## HOW TO COMPLETE THIS TASK
Sift the material for lines containing "cuero", and return them.

## RECORDS PROVIDED
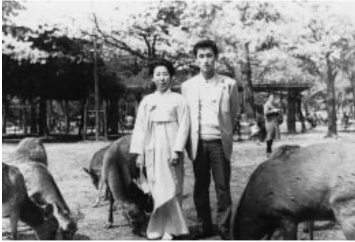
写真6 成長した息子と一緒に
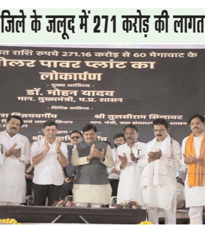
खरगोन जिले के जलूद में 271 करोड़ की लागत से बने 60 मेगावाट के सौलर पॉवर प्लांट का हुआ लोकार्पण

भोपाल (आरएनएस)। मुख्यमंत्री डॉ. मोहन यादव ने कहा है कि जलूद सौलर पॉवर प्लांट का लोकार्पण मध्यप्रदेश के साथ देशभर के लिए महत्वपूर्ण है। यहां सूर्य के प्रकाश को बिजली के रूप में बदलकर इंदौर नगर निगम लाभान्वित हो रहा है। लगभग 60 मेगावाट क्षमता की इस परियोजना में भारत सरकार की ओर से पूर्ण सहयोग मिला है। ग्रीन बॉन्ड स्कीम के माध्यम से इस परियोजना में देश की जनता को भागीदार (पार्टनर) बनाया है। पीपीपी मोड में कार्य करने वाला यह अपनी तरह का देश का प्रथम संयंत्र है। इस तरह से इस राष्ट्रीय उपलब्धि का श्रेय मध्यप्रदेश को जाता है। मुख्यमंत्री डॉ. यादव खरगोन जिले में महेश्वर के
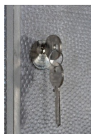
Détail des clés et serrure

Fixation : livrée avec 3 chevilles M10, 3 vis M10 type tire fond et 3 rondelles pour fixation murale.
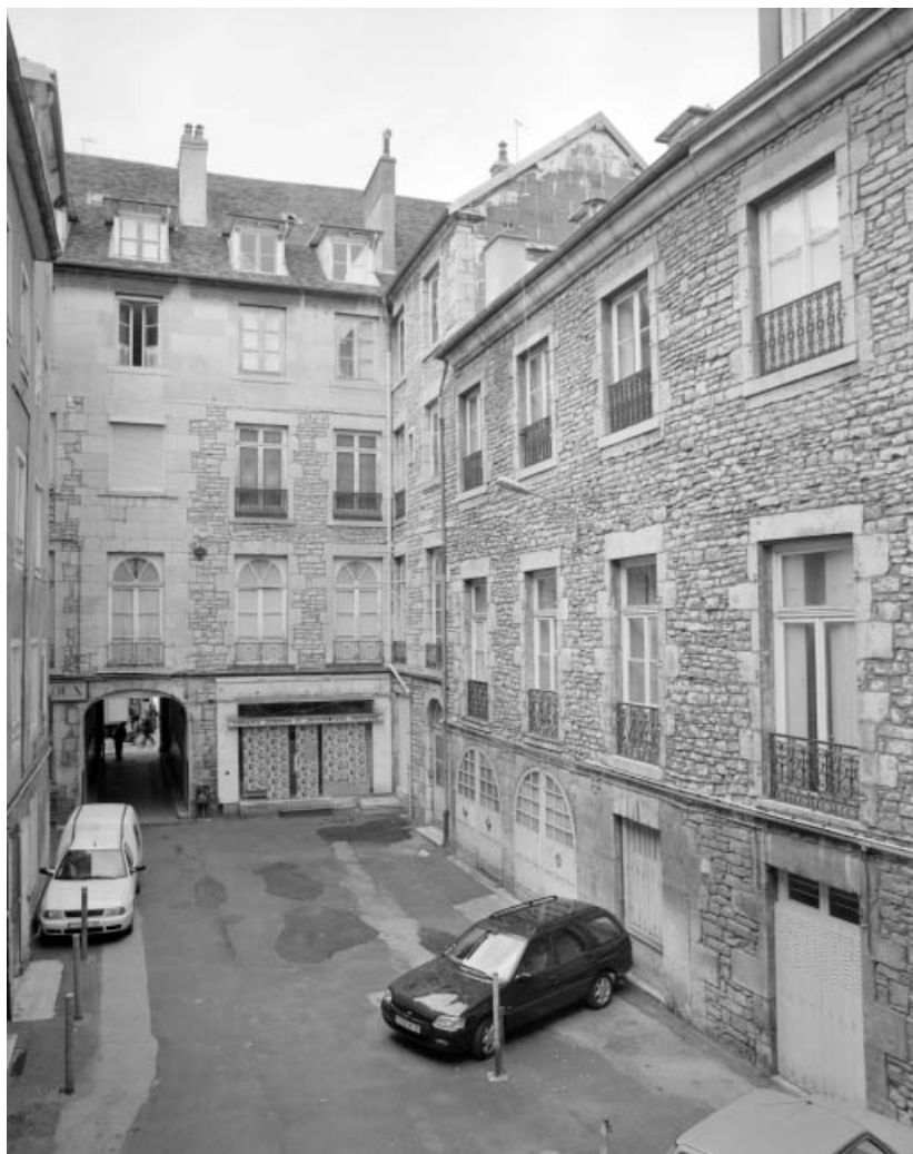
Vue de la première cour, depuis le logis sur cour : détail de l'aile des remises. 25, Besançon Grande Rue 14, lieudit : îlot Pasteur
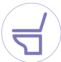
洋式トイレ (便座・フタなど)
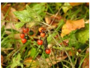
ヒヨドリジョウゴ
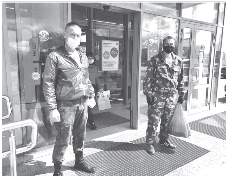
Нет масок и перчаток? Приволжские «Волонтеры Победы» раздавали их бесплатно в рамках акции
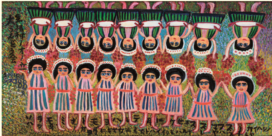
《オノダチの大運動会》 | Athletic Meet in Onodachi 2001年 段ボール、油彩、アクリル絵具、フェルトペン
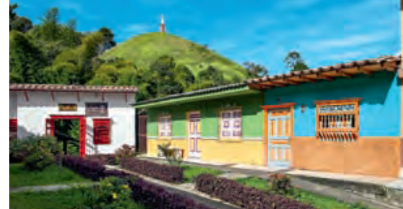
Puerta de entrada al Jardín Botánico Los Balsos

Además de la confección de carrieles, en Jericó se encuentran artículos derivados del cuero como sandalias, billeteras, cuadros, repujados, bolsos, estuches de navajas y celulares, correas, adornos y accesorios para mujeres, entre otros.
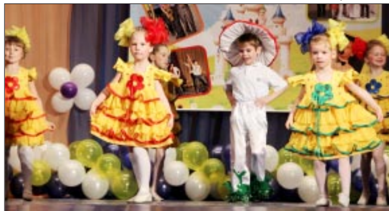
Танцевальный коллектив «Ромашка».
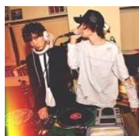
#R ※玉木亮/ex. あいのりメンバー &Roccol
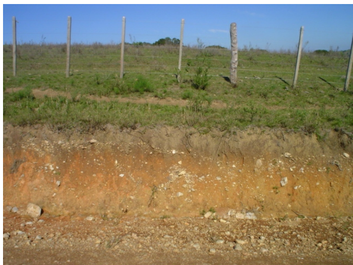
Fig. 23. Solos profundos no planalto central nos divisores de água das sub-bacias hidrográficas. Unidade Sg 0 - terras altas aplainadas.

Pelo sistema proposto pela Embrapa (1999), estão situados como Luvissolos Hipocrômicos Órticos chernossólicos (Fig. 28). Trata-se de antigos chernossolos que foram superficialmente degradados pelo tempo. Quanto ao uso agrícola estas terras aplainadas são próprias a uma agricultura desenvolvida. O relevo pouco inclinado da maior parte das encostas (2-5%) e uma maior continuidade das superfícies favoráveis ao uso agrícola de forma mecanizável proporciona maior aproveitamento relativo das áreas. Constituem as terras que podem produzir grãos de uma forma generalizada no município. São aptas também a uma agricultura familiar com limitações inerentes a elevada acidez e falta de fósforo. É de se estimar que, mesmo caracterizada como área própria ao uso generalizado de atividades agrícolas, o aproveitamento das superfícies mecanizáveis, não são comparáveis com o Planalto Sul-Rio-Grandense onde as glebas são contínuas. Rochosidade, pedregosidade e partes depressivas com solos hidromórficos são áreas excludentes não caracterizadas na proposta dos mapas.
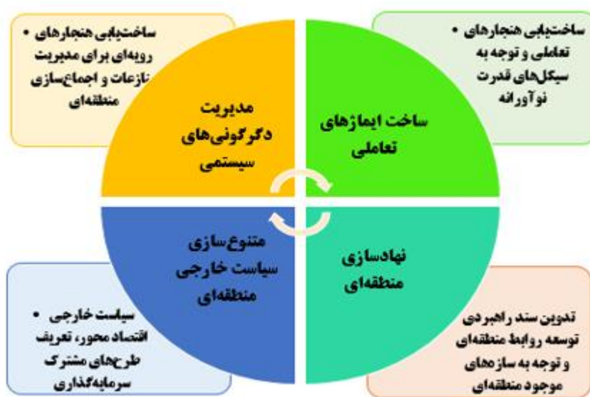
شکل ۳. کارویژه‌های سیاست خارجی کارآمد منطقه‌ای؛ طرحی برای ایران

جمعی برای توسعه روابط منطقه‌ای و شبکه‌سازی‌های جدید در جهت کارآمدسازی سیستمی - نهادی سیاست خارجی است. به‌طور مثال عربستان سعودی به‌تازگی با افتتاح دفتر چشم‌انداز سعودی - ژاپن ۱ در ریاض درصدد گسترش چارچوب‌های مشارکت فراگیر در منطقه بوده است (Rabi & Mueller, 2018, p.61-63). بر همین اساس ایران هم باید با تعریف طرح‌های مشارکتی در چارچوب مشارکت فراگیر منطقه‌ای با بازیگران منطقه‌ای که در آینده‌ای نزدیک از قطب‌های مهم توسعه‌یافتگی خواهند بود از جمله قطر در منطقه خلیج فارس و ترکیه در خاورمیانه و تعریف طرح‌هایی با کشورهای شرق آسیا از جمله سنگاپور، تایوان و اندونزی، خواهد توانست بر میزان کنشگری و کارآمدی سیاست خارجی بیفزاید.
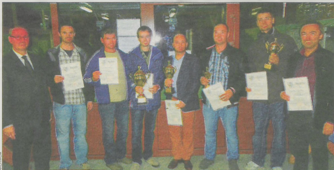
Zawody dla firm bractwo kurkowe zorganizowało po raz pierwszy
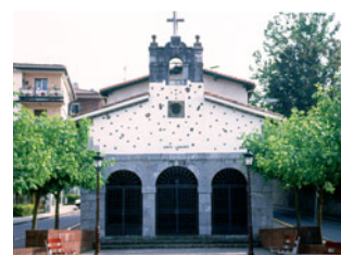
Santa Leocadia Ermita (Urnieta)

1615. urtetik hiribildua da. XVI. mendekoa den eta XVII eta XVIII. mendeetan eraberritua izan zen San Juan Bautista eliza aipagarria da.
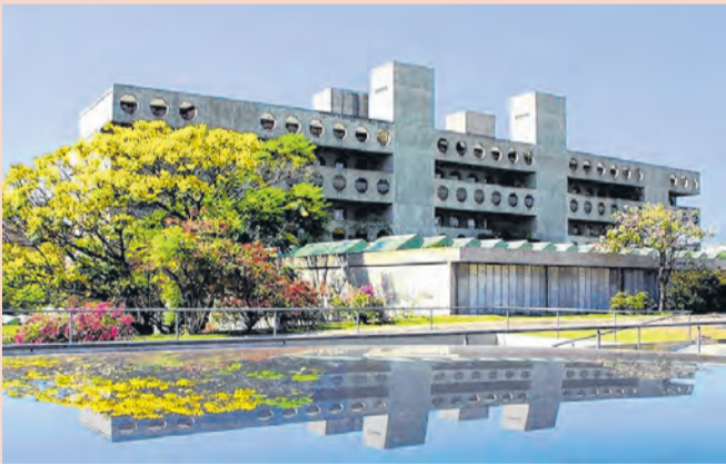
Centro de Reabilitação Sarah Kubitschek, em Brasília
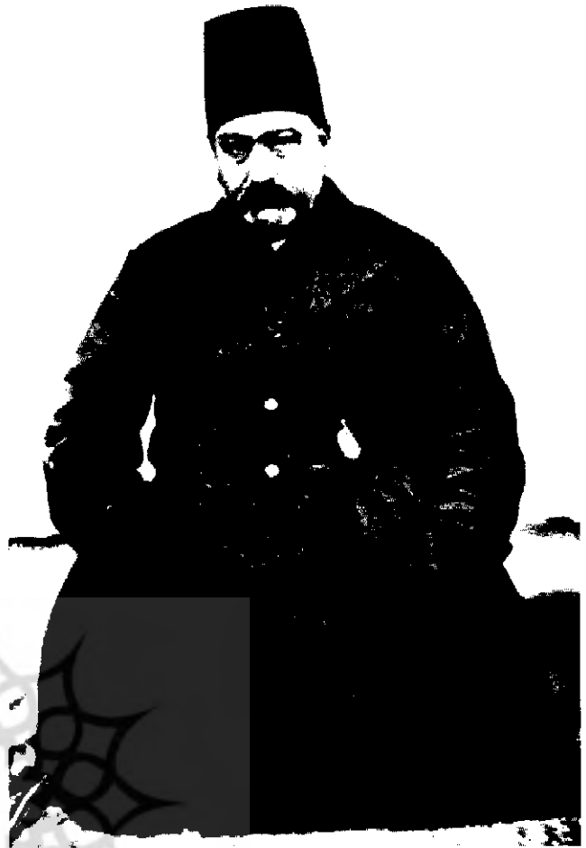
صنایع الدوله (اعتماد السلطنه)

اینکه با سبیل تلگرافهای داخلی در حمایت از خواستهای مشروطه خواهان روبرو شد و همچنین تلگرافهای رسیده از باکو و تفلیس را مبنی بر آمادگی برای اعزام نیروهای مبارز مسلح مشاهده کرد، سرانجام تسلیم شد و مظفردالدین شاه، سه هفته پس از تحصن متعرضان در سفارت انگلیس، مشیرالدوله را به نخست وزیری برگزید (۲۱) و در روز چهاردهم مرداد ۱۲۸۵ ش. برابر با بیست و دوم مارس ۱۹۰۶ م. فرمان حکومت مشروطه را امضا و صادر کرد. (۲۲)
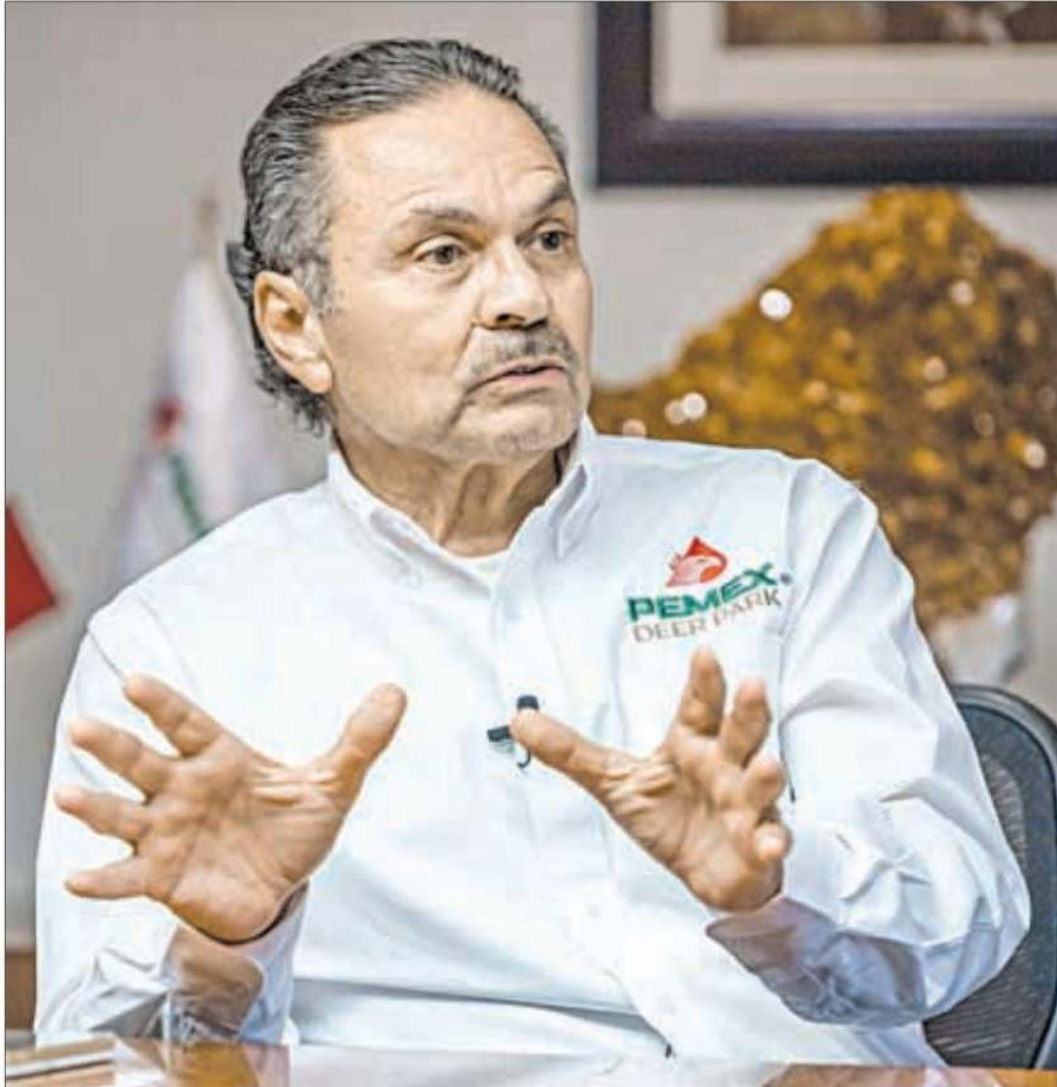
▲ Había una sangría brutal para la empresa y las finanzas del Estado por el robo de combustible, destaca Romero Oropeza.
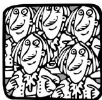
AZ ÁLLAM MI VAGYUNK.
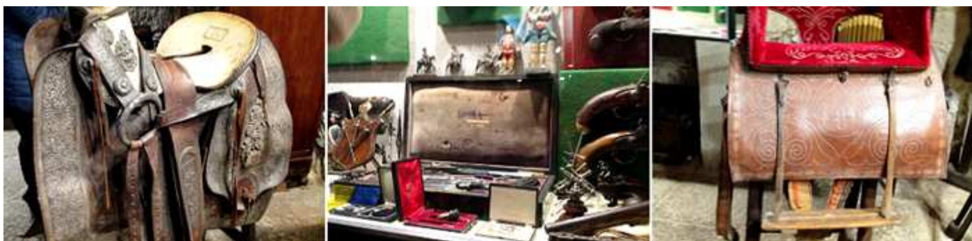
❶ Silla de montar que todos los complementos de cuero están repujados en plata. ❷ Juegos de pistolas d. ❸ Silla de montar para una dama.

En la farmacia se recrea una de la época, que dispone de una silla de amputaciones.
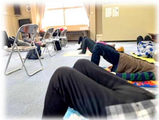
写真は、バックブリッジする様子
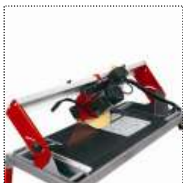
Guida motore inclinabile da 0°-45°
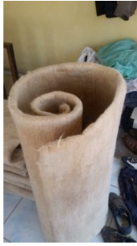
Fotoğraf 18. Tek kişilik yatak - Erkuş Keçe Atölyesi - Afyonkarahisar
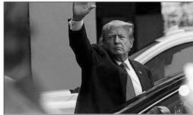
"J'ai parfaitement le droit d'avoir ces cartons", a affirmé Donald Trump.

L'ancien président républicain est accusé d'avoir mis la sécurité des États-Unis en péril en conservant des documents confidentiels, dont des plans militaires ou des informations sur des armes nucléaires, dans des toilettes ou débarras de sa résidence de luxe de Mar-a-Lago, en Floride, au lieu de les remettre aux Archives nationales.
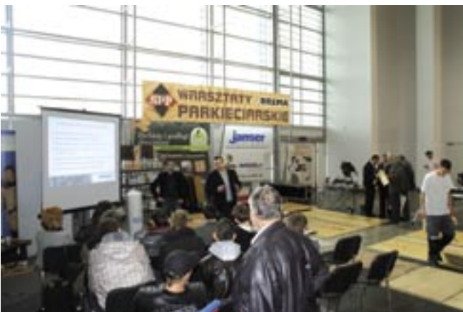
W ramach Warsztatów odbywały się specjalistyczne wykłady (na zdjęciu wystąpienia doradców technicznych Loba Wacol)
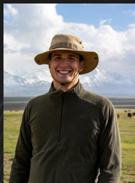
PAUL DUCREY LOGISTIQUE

## ANSWER BOX
Además de la confección de carrieles, en Jericó se encuentran artículos derivados del cuero como sandalias, billeteras, cuadros, repujados, bolsos, estuches de navajas y celulares, correas, adornos y accesorios para mujeres, entre otros.
❶ Silla de montar que todos los complementos de cuero están repujados en plata. ❷ Juegos de pistolas d. ❸ Silla de montar para una dama.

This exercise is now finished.